* _What to produce_
The lines from the one containing "зеленый цвет [11610]" to the end of the entries, both included, are what you need to transcribe exactly, without pictures and without anything else.

===

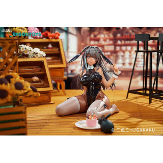 This 15 centimeter high figurine, made at 1/5 scale, is distinguished by its sensual posture and refined details. Cocoa, in a seated pose, is accompanied by an adorable black rabbit, adding a touch of mystery and charm to the whole. The bold design, enhanced by bright colors, immediately catches the eye, while elements like the bunny ears and the small pastry in front of it enrich the scene.
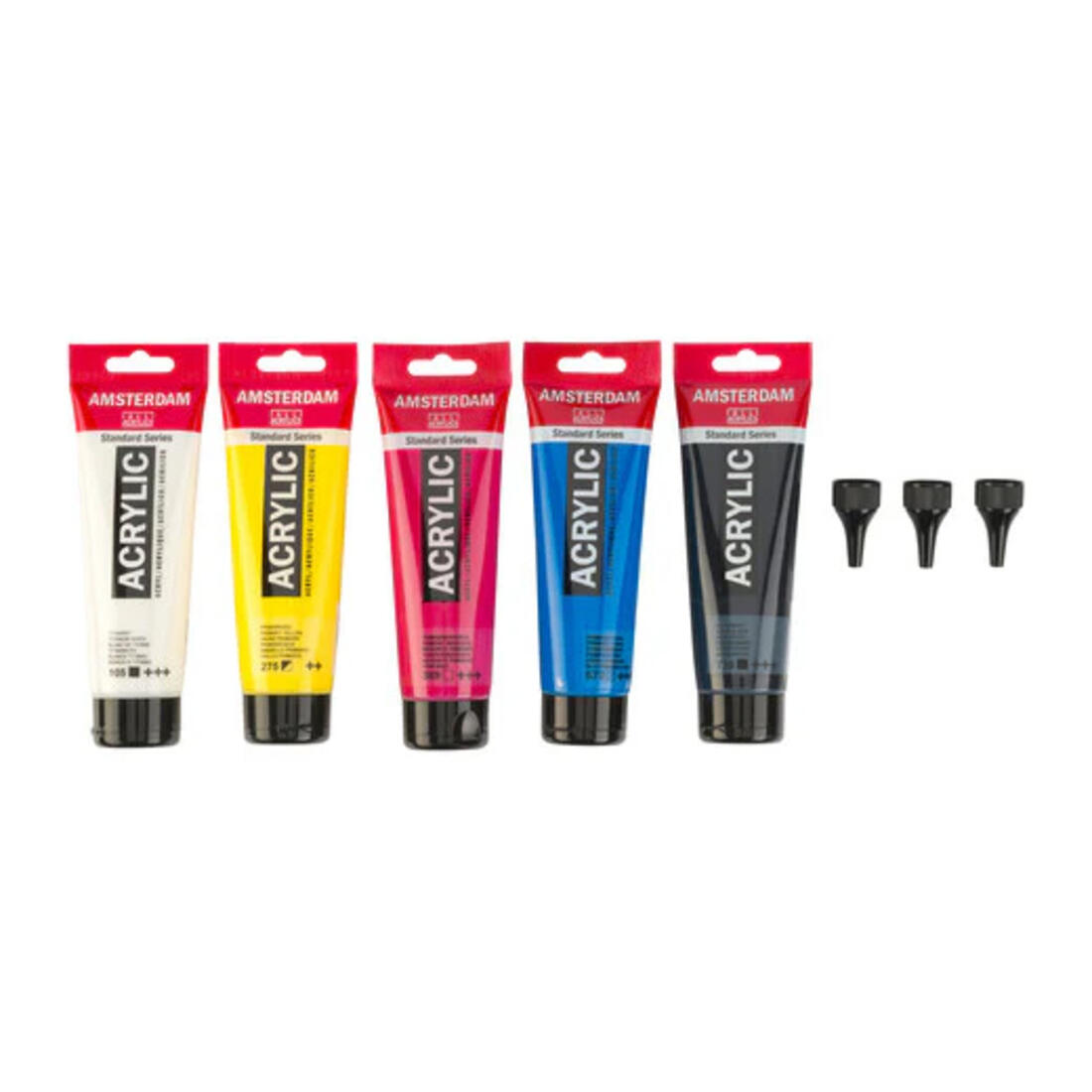 De set bevat ook 3 doseertuiten waarmee je de verf direct uit de tube kunt gebruiken of zeer nauwkeurig verf kunt mengen.
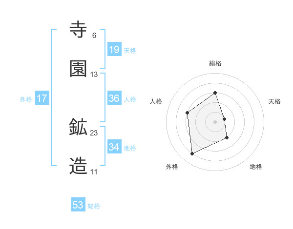 寺園 鉱造さんの外格は17画の4点!
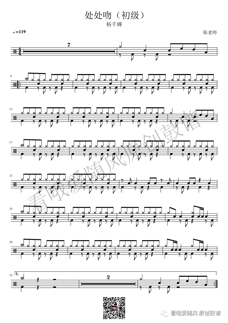 杨千嬅《处处吻》架子鼓谱初级版, 看哦爱随风编配出品,共有2张高清图谱,由打鼓谱上传并分享。NO.47 处处吻(初级)杨千嬅
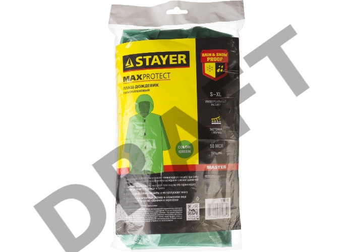Плащ-дождевик STAYER "MASTER", материал - полиэтилен, универсальный размер, зеленый цвет [11610]
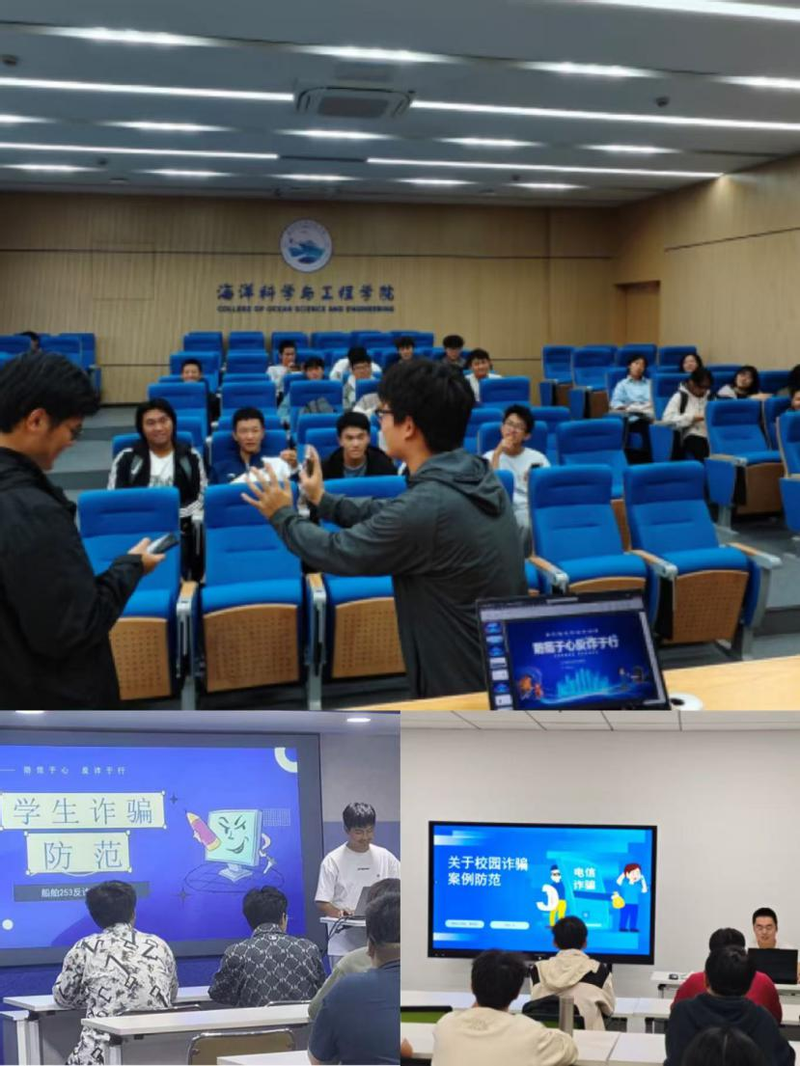 为进一步增强2025级新生的防诈骗意识,筑牢校园安全防线,近日,海洋科学与工程学院组织各班班长面向大一新生,以班级为单位开展了一场内容丰富、形式多样的防诈骗专题宣传活动。
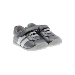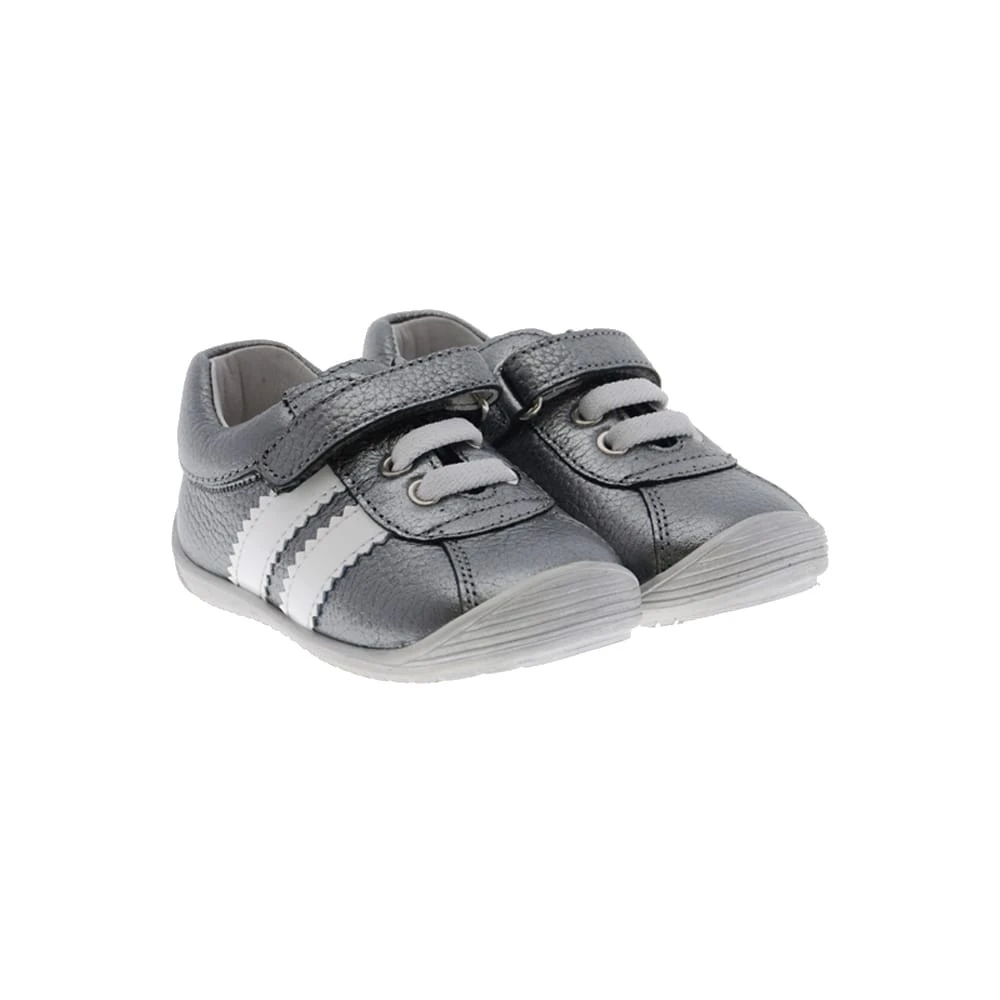 Disponibles en diferentes colores, piel metalizada acero con blanco y piel metalizada plata con blanco. Consejos de talla: Calzan el número. Un zapato de sport, pensado para llevar de diario a la guardería, y muy adecuado para empezar a caminar.
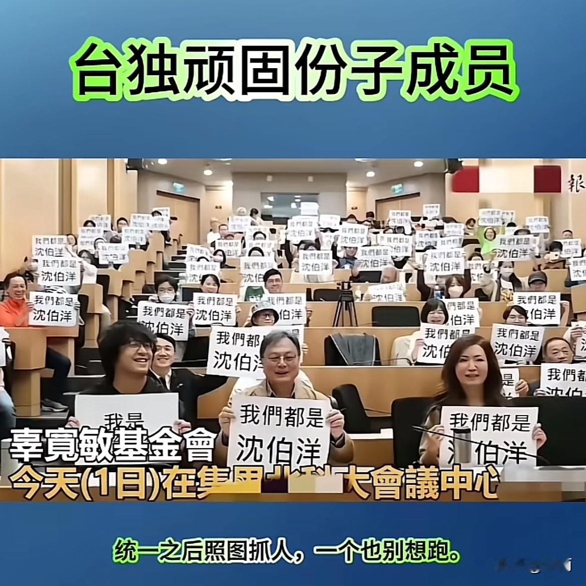 臭味相投。沈伯洋和辜宽敏基金会团伙们还没有意识到问题的严重性。 沈伯洋被重庆警方立案审侦查后,不仅没有迷途知返,反而愈加的不知廉耻。 他找来一帮乌合之众聚拢在一起来支持他。气焰嚣张的说“我们都是沈伯洋”,“我是顽固台独分子”。 而这次我们对‘台独’顽固分子的首次出击,绝不可能只是虚晃一招,虚张声势,沈伯洋们必将付出代价。 识时务者为俊杰。 中华民族必将统一,也一定会统一。 而这些牛鬼蛇神公然挑衅国家底线,伤害民族感情,搞分裂的败类们必将受到严厉的惩罚,不会有好下场。

===

* _Response for this exercise_
Плащ-дождевик STAYER "MASTER", материал - полиэтилен, универсальный размер, зеленый цвет [11610]
 为进一步增强2025级新生的防诈骗意识,筑牢校园安全防线,近日,海洋科学与工程学院组织各班班长面向大一新生,以班级为单位开展了一场内容丰富、形式多样的防诈骗专题宣传活动。
 Disponibles en diferentes colores, piel metalizada acero con blanco y piel metalizada plata con blanco. Consejos de talla: Calzan el número. Un zapato de sport, pensado para llevar de diario a la guardería, y muy adecuado para empezar a caminar.
 臭味相投。沈伯洋和辜宽敏基金会团伙们还没有意识到问题的严重性。 沈伯洋被重庆警方立案审侦查后,不仅没有迷途知返,反而愈加的不知廉耻。 他找来一帮乌合之众聚拢在一起来支持他。气焰嚣张的说“我们都是沈伯洋”,“我是顽固台独分子”。 而这次我们对‘台独’顽固分子的首次出击,绝不可能只是虚晃一招,虚张声势,沈伯洋们必将付出代价。 识时务者为俊杰。 中华民族必将统一,也一定会统一。 而这些牛鬼蛇神公然挑衅国家底线,伤害民族感情,搞分裂的败类们必将受到严厉的惩罚,不会有好下场。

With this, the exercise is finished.